A logo appeared in the lower right corner of the slide - a round blue whirlpool. Below it are two words: DeepMind. This was the first public mention of the new company.

Hassabis spent a whole year trying to get an invitation to the Singularity Summit. The lecture was just a cover. What he really needed was one minute with Peter Thiel, the Silicon Valley billionaire who financed the conference. Hassabis wanted his investment.
Hassabis never said why he wanted to get support from Till (for this article he, through the press secretary, refused several requests for an interview). We spoke with 25 sources, including current and former employees and investors. Most of them spoke anonymously, since they had no right to talk about the company. But Thiel believes in AGI with even more fervor than Hassabis. In his speech in 2009, Thiel said that his greatest fear for the future is not the uprising of robots (although in isolated New Zealand, he is better protected than most people). Rather, he fears that the singularity will come too late. The world needs new technologies to prevent a recession.
In the end, DeepMind received ÂŁ 2m in venture financing; including ÂŁ 1.4m from til. When Google bought the company for $ 600 million in January 2014, early investors recorded a profit of 5,000%.
For many founders, this would be a happy ending. You can slow down, take a step back and enjoy the money. For Hassabis, the Google deal was another step in his quest for a strong AI. Almost all of 2013 he spent in the negotiations on the transaction. DeepMind will operate separately from the parent company. Hassabis will receive all corporate privileges, such as access to cash flow and computing power, without losing control of the company.
Hassabis thought DeepMind would become a hybrid: he would have a startup drive, the brains of the greatest universities, and the deep pockets of one of the richest companies in the world. Everything was done in order to speed up the development of a strong AI and help humanity.
Demis Hassabis was born in North London in 1976 to a Greek Cypriot and Chinese Singaporean family. He was the eldest of three brothers and sisters. Mom worked at the John Lewis department store, and her father worked at the toy store. The boy learned to play chess at the age of four, watching his father and uncle play. After a few weeks, adults could no longer win him. For 13 years, Demis became the second chess player of the world at his age. At the age of eight, he independently learned how to program.
In 1992, Hassabis graduated from school two years ahead of schedule. He got involved in programming video games at Bullfrog Productions, where he wrote Theme Park. In it, the players built and managed a virtual amusement park. The game was very successful with 15 million copies sold. It belonged to a new genre of simulators, in which the goal is not to defeat the enemy, but to optimize the functioning of such a complex system as a business or a city.
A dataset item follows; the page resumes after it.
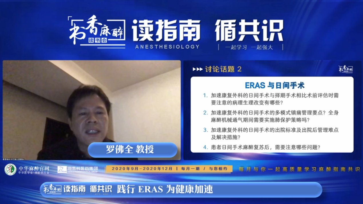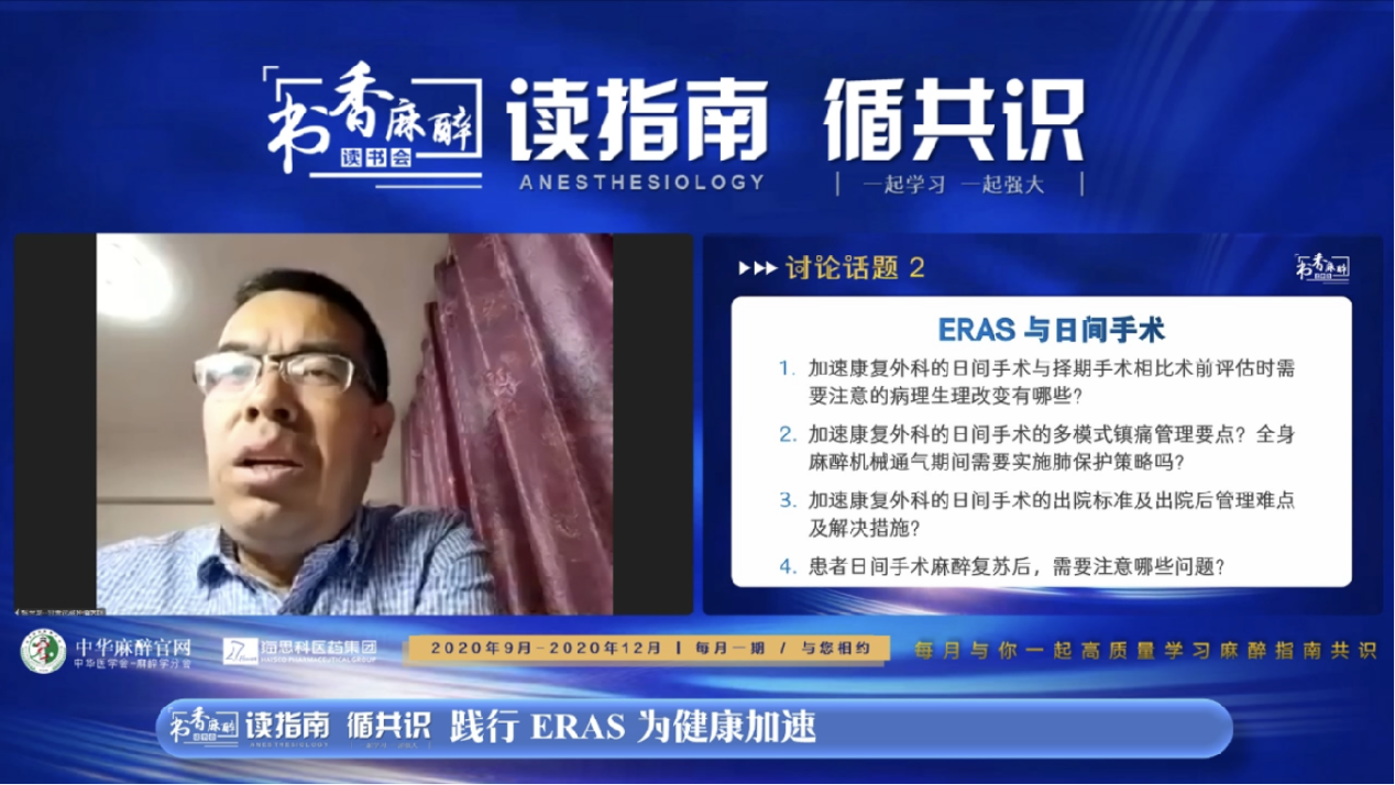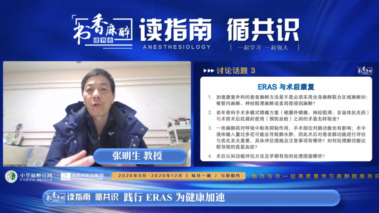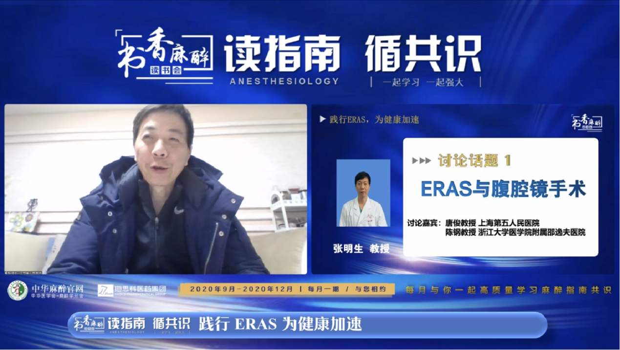 张良成教授作为本次会议的主持,对“书香麻醉·读书会”系列活动给予高度认可。张教授介绍到读书会自2020年3月开办以来已经举办了16期,最多一场的点击量超过23万人次,取得了良好的效果。本期主题“践行ERAS,为健康加速”,希望能够通过本场活动对ERAS临床相关话题做一个回顾与讨论,从而更好的践行ERAS理念!

Theme Park for Android, 2018Demis not only developed the games, but also played great in them. As a teenager, he was torn between competitions in chess, scrabble, poker and backgammon. In 1995, studying computer science at the University of Cambridge, Hassabis got to the student tournament in go. This is an ancient board strategy game, which is much more difficult than chess. It is assumed that the skill requires intuition, acquired by long experience. No one knew if Hassabis had played before.
First, Hassabis won the tournament for beginners. Then he beat the winner of the tournament for experienced players, albeit with a handicap. The organizer of the tournament, Cambridge master of go, Charles Mathews, remembers the shock of an experienced player after losing to a 19-year-old novice. Matthews took Hassabis under his care.
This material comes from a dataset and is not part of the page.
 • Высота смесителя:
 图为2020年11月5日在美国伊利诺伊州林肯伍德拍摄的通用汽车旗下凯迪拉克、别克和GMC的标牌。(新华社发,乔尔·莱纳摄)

Hassabis' intelligence and ambitions have always been manifested in games. The games, in turn, aroused interest in the intellect. Watching his progress in chess, he wondered if computers could be programmed to learn like him, based on experience. The games offered a learning environment that the real world could not match. They were clear and self-sufficient. Since the games are separated from reality, they can be practiced without interfering with the real world and effectively mastering them. Games speed up time: in a couple of days, you can create a criminal syndicate, and the Battle of the Somme ends in a matter of minutes.
In the summer of 1997, Hassabis went to Japan. In May of the same year, IBM's Deep Blue computer defeated world chess champion Garry Kasparov. For the first time, the computer won a chess grandmaster. The match attracted worldwide attention and raised concerns about the growing power and potential threat of computers. When Hassabis met the Japanese master of board games, Masahiko Fujzueraa, he told him about a plan that unites his interests in strategic games and artificial intelligence: one day he will build a computer program that will win the greatest go player.
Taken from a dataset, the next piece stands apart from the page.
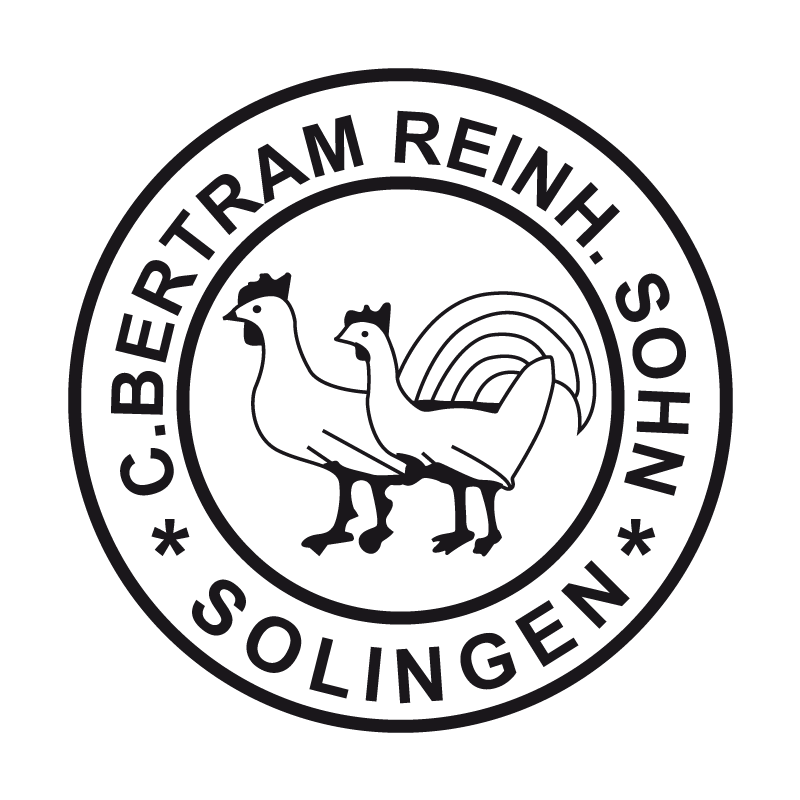 Das Logo von C. Bertram Reinhard & Sohn ist ein kreisförmiges Emblem mit dem Text "C.BERTRAM REINH. SOHNE" entlang der oberen Bogen und "SOLINGEN" entlang der unteren Bogen, flankiert von Sternen. In der Mitte sind eine Henne und ein Hahn dargestellt, die nach rechts schauen. Das Logo ist in dunkelgrauer Farbe auf transparentem Hintergrund gehalten und symbolisiert das „Huhn und Hahn“-Motiv, das 1897 registriert wurde, typischerweise auf Klingen geätzt.

Hassabis acted methodically: “At the age of 20, Hassabis was of the opinion that certain things must be in place before he does the AI ​​at the level he wanted,” says Matthews. “He had a plan.”
In 1998, he founded his own gaming studio Elixir. Hassabis focused on one extremely ambitious game: Republic: The Revolution, a sophisticated political simulator. Many years ago, at school, Hassabis told his friend Mustafa Suleiman that the world needed a grandiose simulator to simulate its complex dynamics and solve the most complex social problems. Now he tried to do it in the game.
It was harder to fit into the game frame than he expected. In the end, Elixir released an abbreviated version of the game to soften feedback. Other games failed (including the villain simulator of the bondian called Evil Genius). In April 2005, Hassabis closed down Elixir. Matthews believes that Hassabis founded the company simply to gain management experience. Now Demis lacked only one important area of ​​knowledge to start working on a strong AI. He needed to understand the human brain.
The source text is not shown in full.